Question: When an alcoholic leaves a bar, gets behind the wheel and drunkenly drives into his third or fourth wreck, do you blame the bartender who served the drinks or the alcoholic who drank them? Now answer this: When a society addicted to greater and greater fossil fuel use experiences what may amount to the largest oil spill in world history -- after a growing number of other fossil fuel catastrophes -- do you blame the oil company that drilled for the oil or the society that uses it?
I mean, I get it. If you're anything like me, you're pissed as hell at BP, the company whose deep-water oil well continues to gush some 60,000 barrels of oil a day, nobody knows exactly how much, into the Gulf of Mexico -- and the infuriatingly feeble attempts to clean it up, much less plug the hole. You're probably pissed, too, at the United States Department of the Interior who gave BP (and many other oil companies, by the way) permission to drill in hazardous conditions without a reliable safety plan.
But after you dial your Senator -- as you should -- and rant about our country getting off fossil fuels and onto renewable energy, it's worth taking a good, hard look at whether the bartender, as it were, deserves all of the blame.
Because again, if you're anything like me, even though it's 90 degrees outside, you're currently sitting in a home or office where the air conditioning is cranked so high that your toes are too cold for your flip-flops. Most of that energy comes from, you guessed it, a fossil fuel called coal. Or, perhaps, as I used to, you run your car engine for four hours every week and go nowhere while you protect your curbside parking space in a city that has one of the world's most accessible and efficient transit systems. The fuel for that, of course, starts as crude oil. Or maybe your purchases, manufactured with the oomph of fossil fuels, burst out of your closets to the point that you rent a storage unit so full of crap that you're no longer sure what's in it.
We are, in other words, more than a little bit like that alcoholic who's mad at the bartender for serving him the drinks that he himself ordered. We Americans are slugging down the energy cocktails. Unless we want more and more calamities like in the Gulf, we have to own up to our energy addiction. It's step one in the 12-step road to recovery.
We in the United States drive 20 times more miles a year than the Mexicans and twice as many as the Japanese. We use 10 times more electricity per person than the Egyptians and twice as much as the Saudis. To power this energy thirst, we each, on average, consume 10 times more oil per person than the Chinese and twice as much as the Germans. We burn seven times more coal per person than the Indians and three times more than the Brits. For all the talk of China's climate emissions, each American still emits four times more greenhouse gas than each Chinese.

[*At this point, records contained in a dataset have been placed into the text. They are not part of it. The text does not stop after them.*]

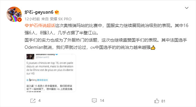 (话说对于geyuan说的外服热议国服实力这一点,我的感受恰恰相反。geyuan转了法国大解说/主播Odemian和美国半职业选手Caravaggio的两条推特,但那两条也基本是全部的讨论了。Caravaggio也不是真的中吹,他更多的是为了骂总部电竞,就像美国两党只会在互相攻击时说中国的好。英语解说们台上夸得多但那是工作,台下也只有Sottle提了句,再加上几个日本选手和解说,Pasca一行人勉强算吹过,Ranlit我并不认为他能算圈内人……和国服在巡回赛上的统治力度比起来这点只言片语完全称不上热议,注意衡量推特讨论热度时不要代入国内圈子发微博的频率;或者说这和欧洲、法国、日本乃至意大利等其他势力崛起的讨论热度也是没法比的。这种“不热议”比热议更耐人寻味,一是西方本来就夸中国夸不出口,二是HCT时代的第一印象,三是外服炉石电竞凉凉。房间里这么大的大象就在那里,但人们就是不说/懒得说)
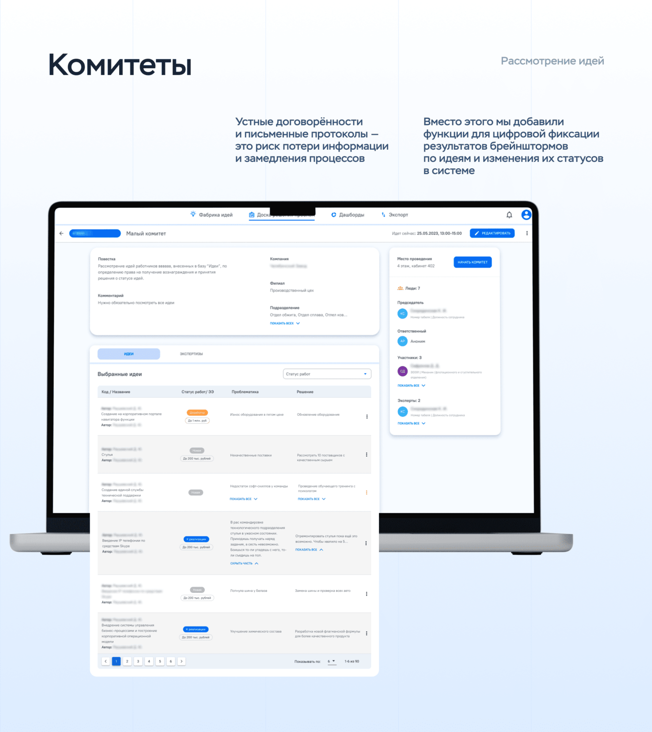 Вместо бланков — онлайн-подача идей через веб-версию или мобильное приложение. Оценка и утверждение идей проходят на цифровых комитетах. К созданному комитету можно прикрепить идеи из системы для рассмотрения, а также закрепить протокол и итоги встречи.
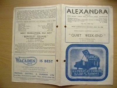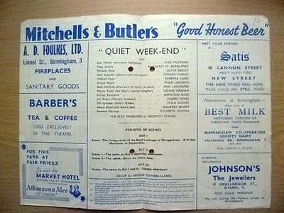 You are purchasing vintage & original Programme of : Alexandra Theatre Programme 1946- QUIET WEEK END by Esther McCracken
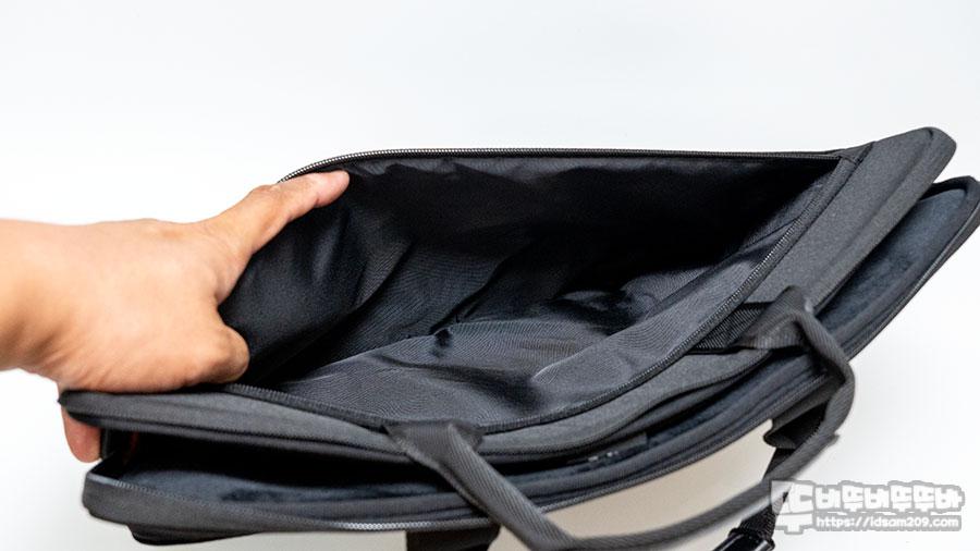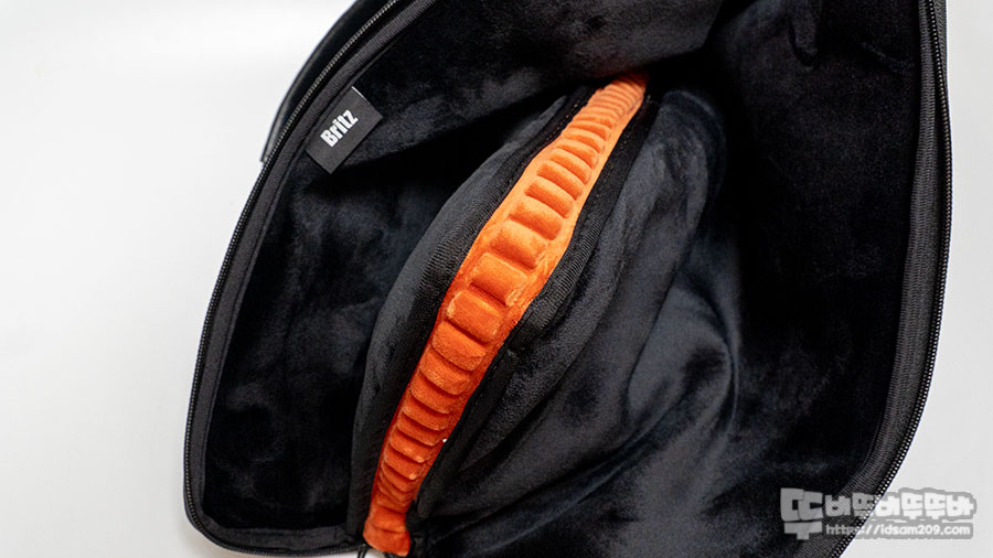 메인 포켓 내부를 살펴보면 가방 앞뒤 면에 스크래치 방지를 위한 인조 모피 극세사 안감 그리고 측면에는 에어쿠션이 적용되어 가방의 쏠림이나 측면 또는 수직으로 떨어뜨렸을 때 노트북 모서리가 받는 충격을 보호해 줍니다.
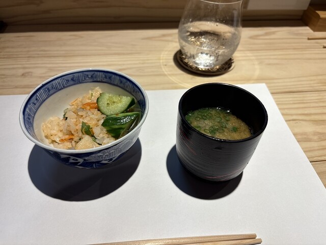 少し隠れた様な場所にお店がありました。清潔で明るい店内がとても印象的でした。入って直ぐ左側に小上がりがあり、カウター8席のお店でした。入り口近くのカウターに座りましたが、人の出入りがあるので奥のカウター席を希望しましたが、既に奥は予約済みと言われ断念。隣りにご夫人2人が後から入店され、着席前に小上がりの写真をパチパチ撮影。常連さんなのでしょうか?出て来たお料理をパチパチ撮影、携帯をいじりながら談笑。時折り、少し大きめなお声で、右隣に居たカップルはやや迷惑顔。

Meanwhile, we have to face up to the fact that the oil we so badly crave isn't exactly bubbling up out of the ground the way it used to in states like Oklahoma and Texas. There was a day when we could scoop the stuff up with a saucepan, and oil rigs were rickety old wooden affairs. Now, the goop is so scarce that oil companies must spend billions to build potentially dangerous, deep-water wells that drill a mile under our oceans. It used to take one barrel of oil to power the harvesting of 100 barrels. Now, you have to burn an entire barrel of oil just to get 11. Simply put, worldwide, the growth in demand for oil is far outstripping growth in its dwindling supply.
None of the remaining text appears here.